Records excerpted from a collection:
------

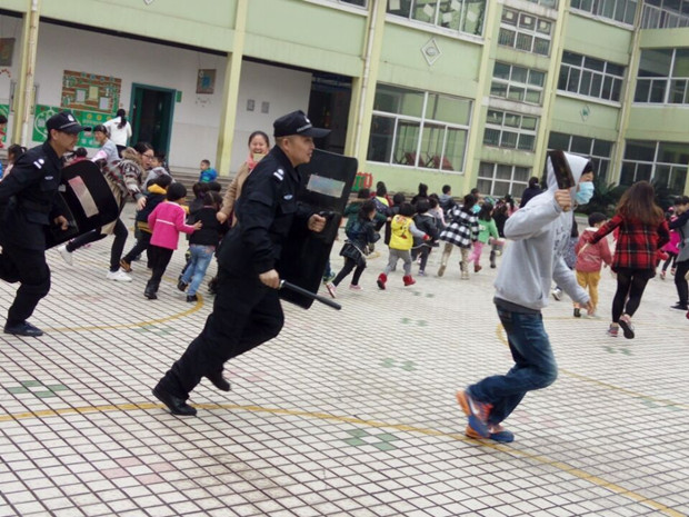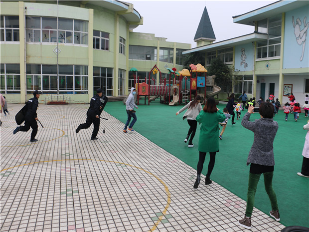 10点左右,幼儿园的孩子们正在户外活动时,一名蒙面“歹徒”带着凶器强行闯入幼儿园,冲向正在活动中的孩子,幼儿园保安小队紧急行动,按防暴应急预案手持棍棒、钢叉等,立即对歹徒进行了拦截,将“歹徒”围住,竭力保护全园师生安全。与此同时,老师们在最短的时间内疏散幼儿、帮助幼儿撤离到就近安全的教室,大家合力,迅速将“歹徒”制服,演练进行得十分顺利。演练后班级教师在安抚幼儿情绪的同时,对幼儿进行了安全教育。
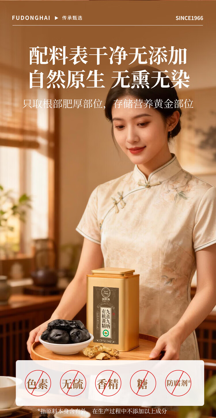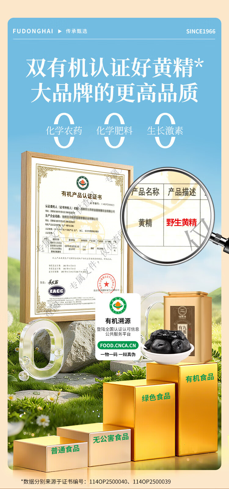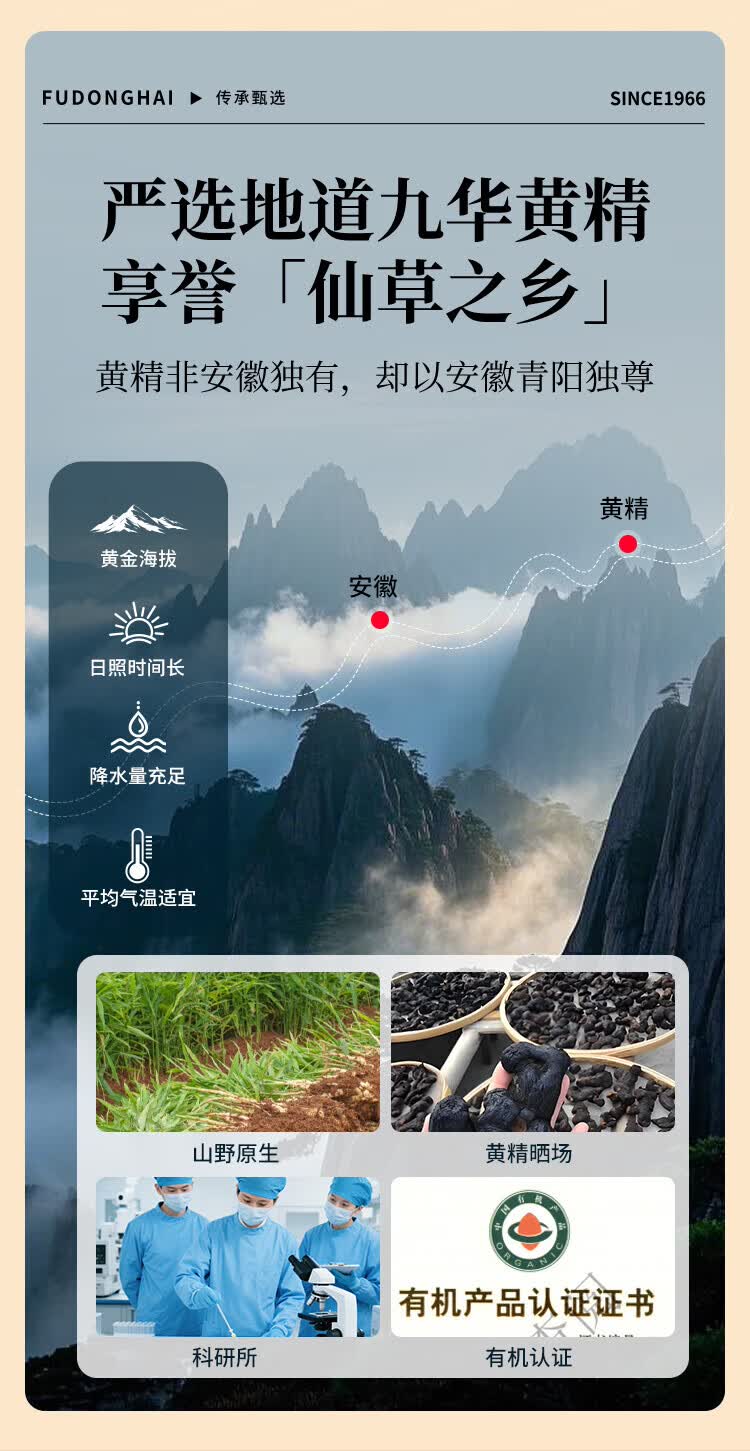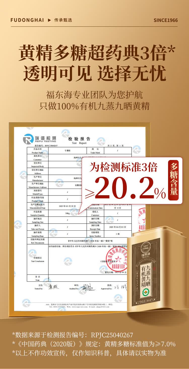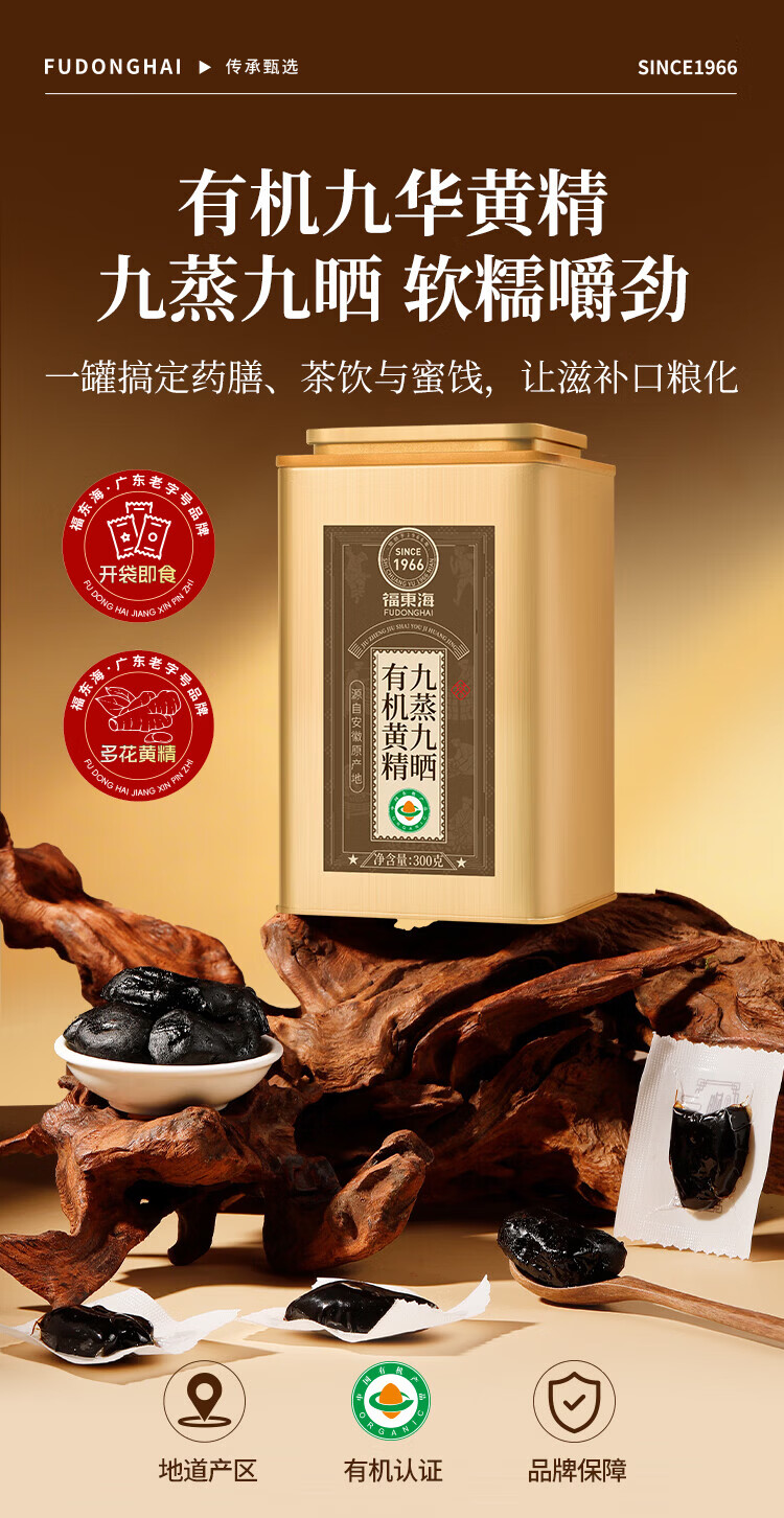 福东海九蒸九晒九制有机黄精300克 过年货礼盒【10A华山老龄品质】即食
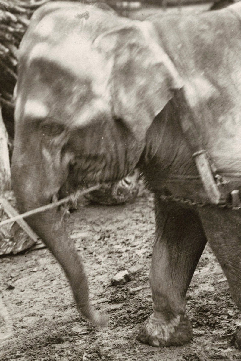 L'éléphante Jenny transportant du bois sur le front allemand, en 1915.
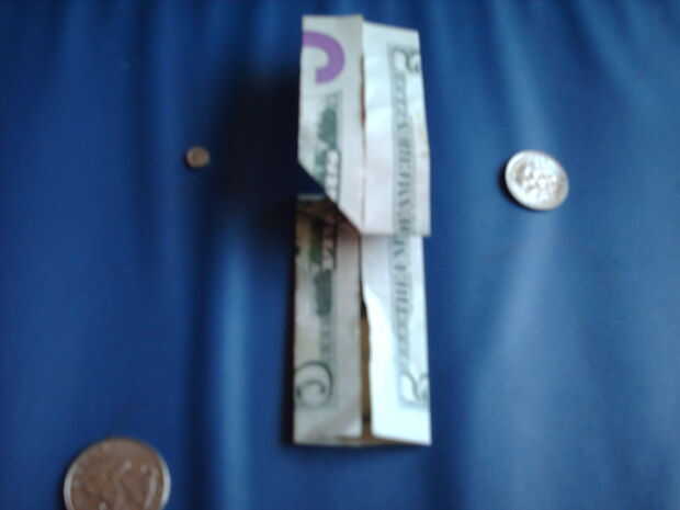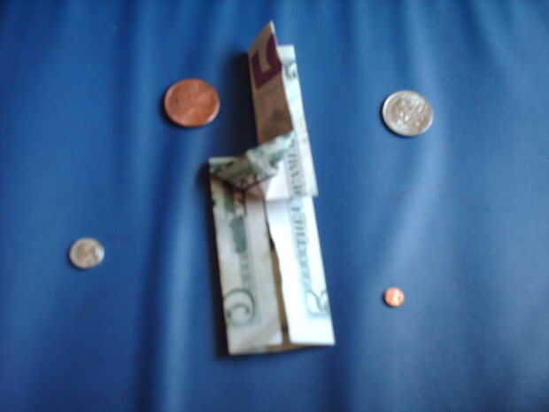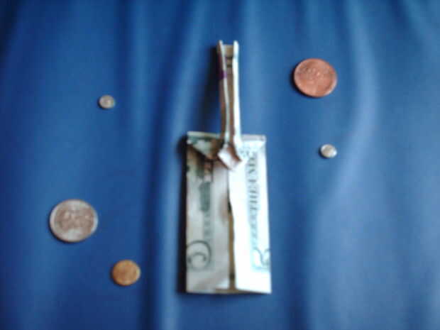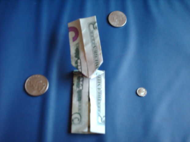 retrato de dólar. Mejor hecho en una factura de $1 o $100 donde la imagen está más centrada. En la parte posterior, la parte superior se pliega en una 90 grados a lo largo del pliegue. La parte inferior se dobla formando un ligero ángulo como se mues
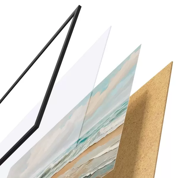 Le poster se compose d'un cadre, d'un plexiglas, d'une image imprimée et d'un support en aggloméré. Le poster peut être immédiatement accroché au mur grâce aux fixations au dos.
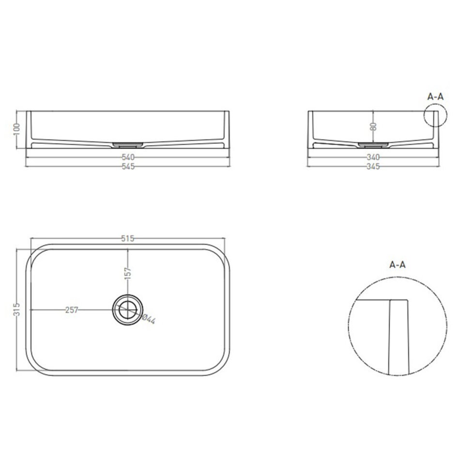 Раковина накладная Salini Callista 01, 54,5 х 34,5 х 10 см, из искусственного камня S-Stone, белый матовый, покраска по RAL полностью, 1101204SMRF
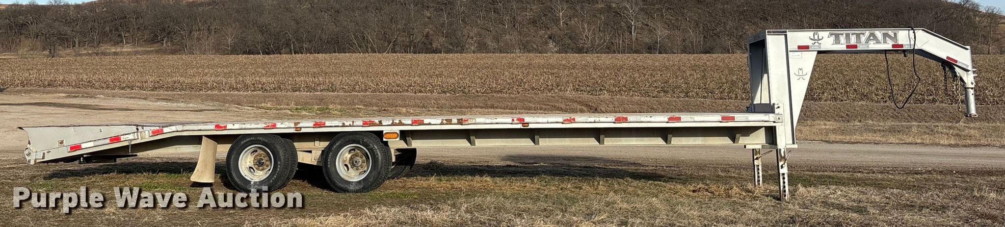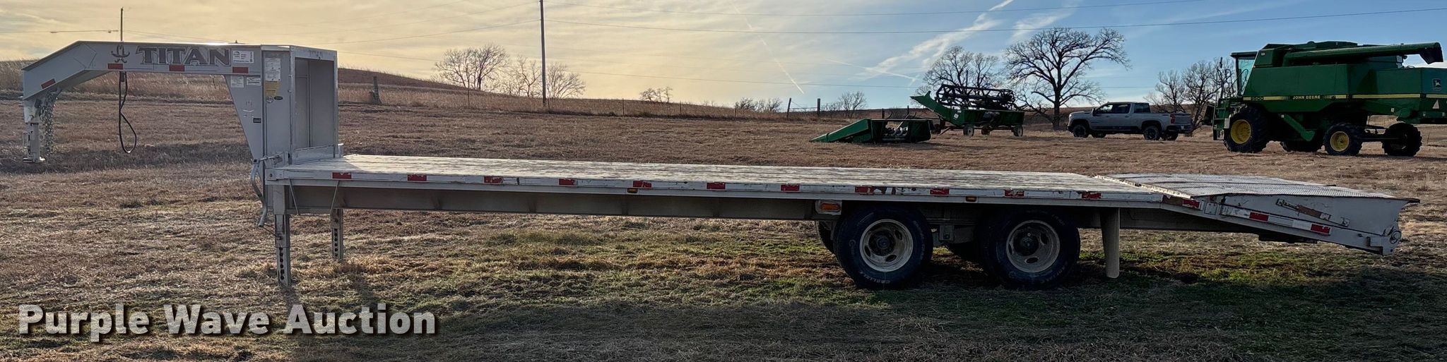 2021 Titan equipment trailer. VIN: 4TGF30203M1086761. Dimensions Overall Length: 38' 6", Width: 102", Deck Length: 24', Width: 102", Tail length: 6', Ramps: Manual Length: 6'. Features Deck type: Wood. Chassis Hitch: Gooseneck, Landing gear: Dual, Suspension: Spring, Brakes: Electric, Axles: Tandem, GVWR: 20,000 lbs. Tires Steel wheels, Size: 235/85R16. Notes Toolbox locked. Kansas title. Title distribution may be delayed up to 14 days from verification of funds. Flint Hills Stone. Alma, KS 66401
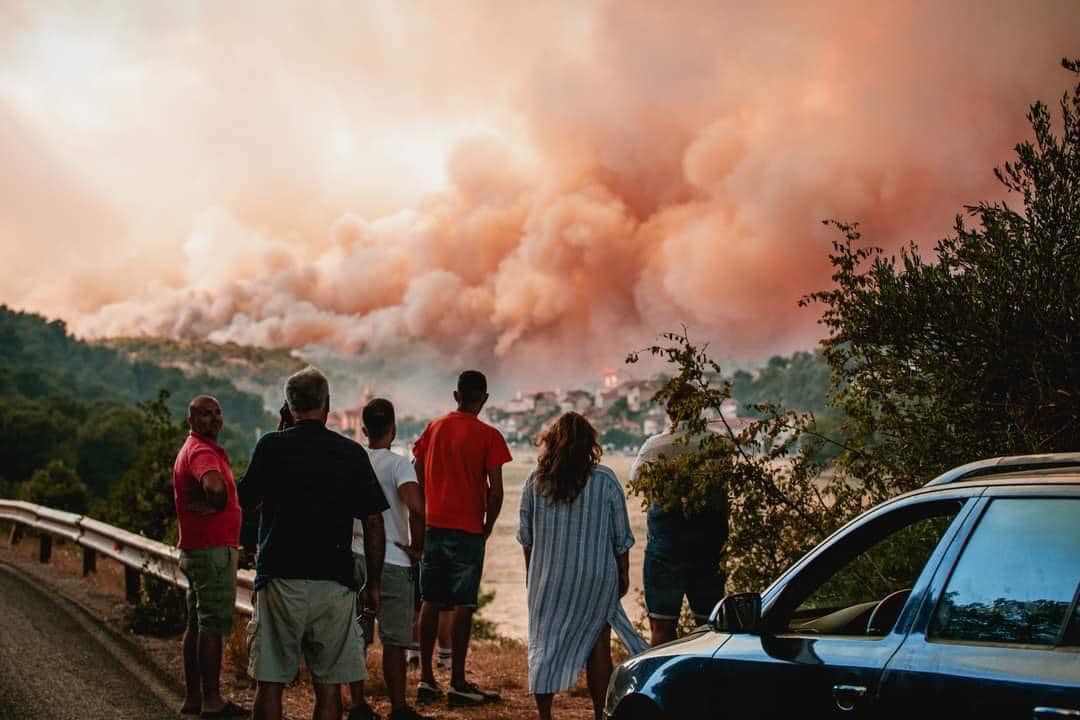 Poza editiei: in Šibenik, Croatia. Incendii semnificative au loc în anumite regiuni ale Croației, alimentate de vânturile puternice din nord, distrugând case, animale sălbatice, tot ce se află in cale. Toți cei care au peste 18 ani sunt chemați să ajute pompierii. (Severe Weather Europe)
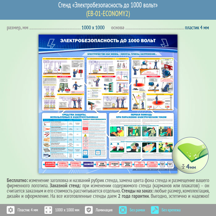 Стенд «Электробезопасность до 1000 вольт» (EB-01-ECONOMY2) в Пушкино купить
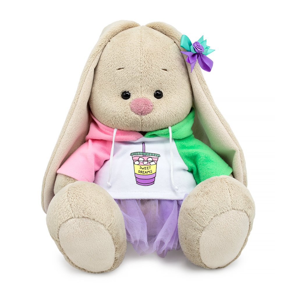 Зайка Ми в очень нежном свитшоте с капюшоном. Свитшот сшит из белого, розового и цвета весеннего бутона трикотажа с начёсом. Спереди на свитшоте термонаклейка в виде стаканчика с напитком. Также на Зайке пышная юбочка из сеточки дымчато-лавандового цвета. На ушке Зайки составной бантик с розочкой.
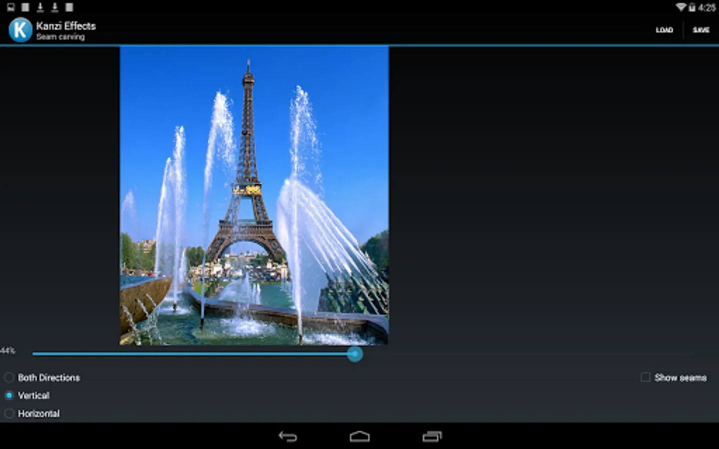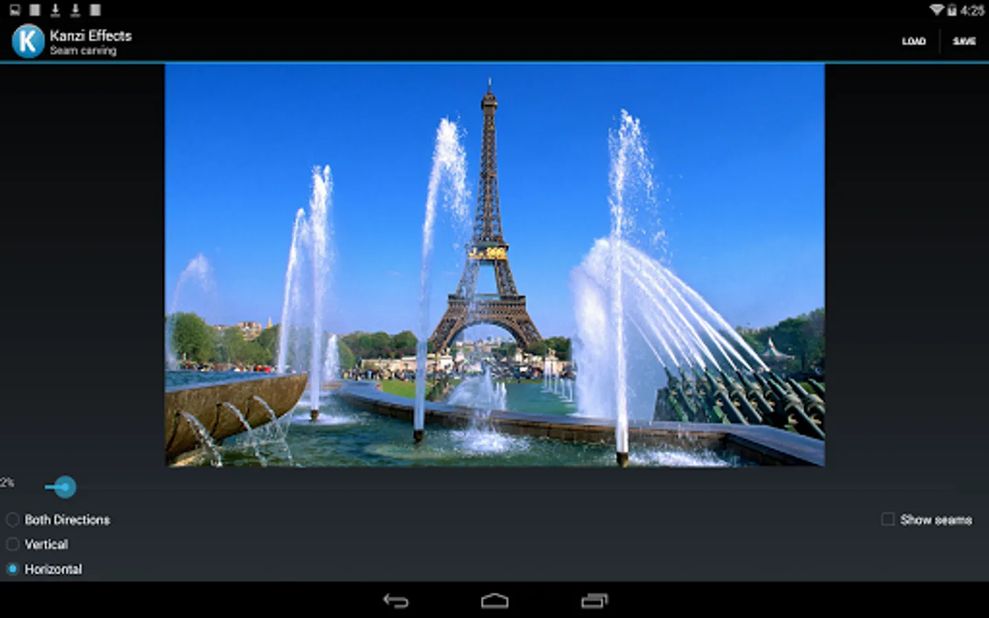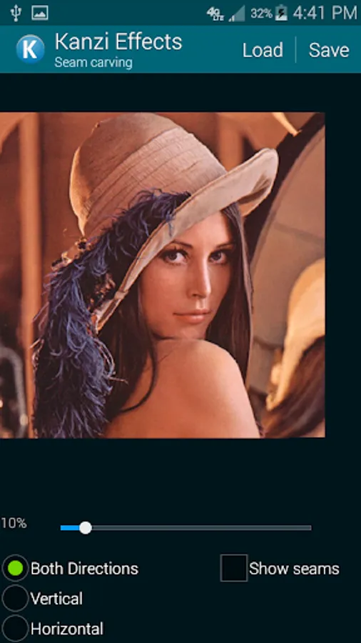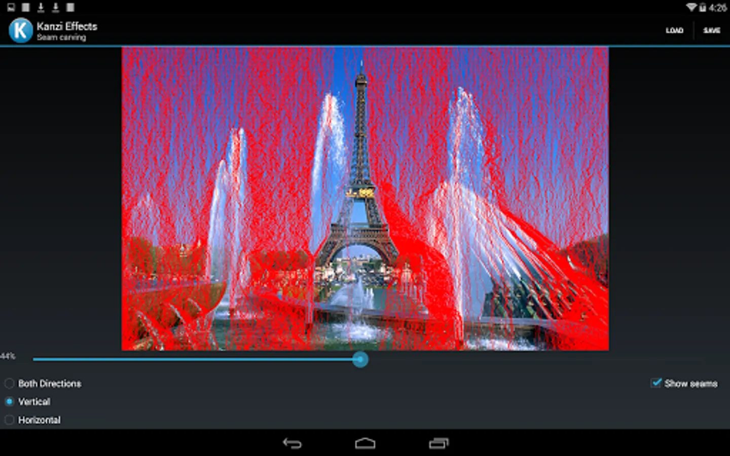 This app performs context aware resizing of pictures (a.k.a. seam carving). It analyzes a picture and computes the paths of least resistance (pixels lines known as seams) and removes them. It attempts to capture the most important features of a picture and remove the rest.

------

→ Work to be completed
Using the entries above, transcribe every line from the line containing "retrato de dólar." through the line containing "2021 Titan equipment". Do not copy pictures.

→ The completed task
 retrato de dólar. Mejor hecho en una factura de $1 o $100 donde la imagen está más centrada. En la parte posterior, la parte superior se pliega en una 90 grados a lo largo del pliegue. La parte inferior se dobla formando un ligero ángulo como se mues
 Le poster se compose d'un cadre, d'un plexiglas, d'une image imprimée et d'un support en aggloméré. Le poster peut être immédiatement accroché au mur grâce aux fixations au dos.
 Раковина накладная Salini Callista 01, 54,5 х 34,5 х 10 см, из искусственного камня S-Stone, белый матовый, покраска по RAL полностью, 1101204SMRF
 2021 Titan equipment trailer. VIN: 4TGF30203M1086761. Dimensions Overall Length: 38' 6", Width: 102", Deck Length: 24', Width: 102", Tail length: 6', Ramps: Manual Length: 6'. Features Deck type: Wood. Chassis Hitch: Gooseneck, Landing gear: Dual, Suspension: Spring, Brakes: Electric, Axles: Tandem, GVWR: 20,000 lbs. Tires Steel wheels, Size: 235/85R16. Notes Toolbox locked. Kansas title. Title distribution may be delayed up to 14 days from verification of funds. Flint Hills Stone. Alma, KS 66401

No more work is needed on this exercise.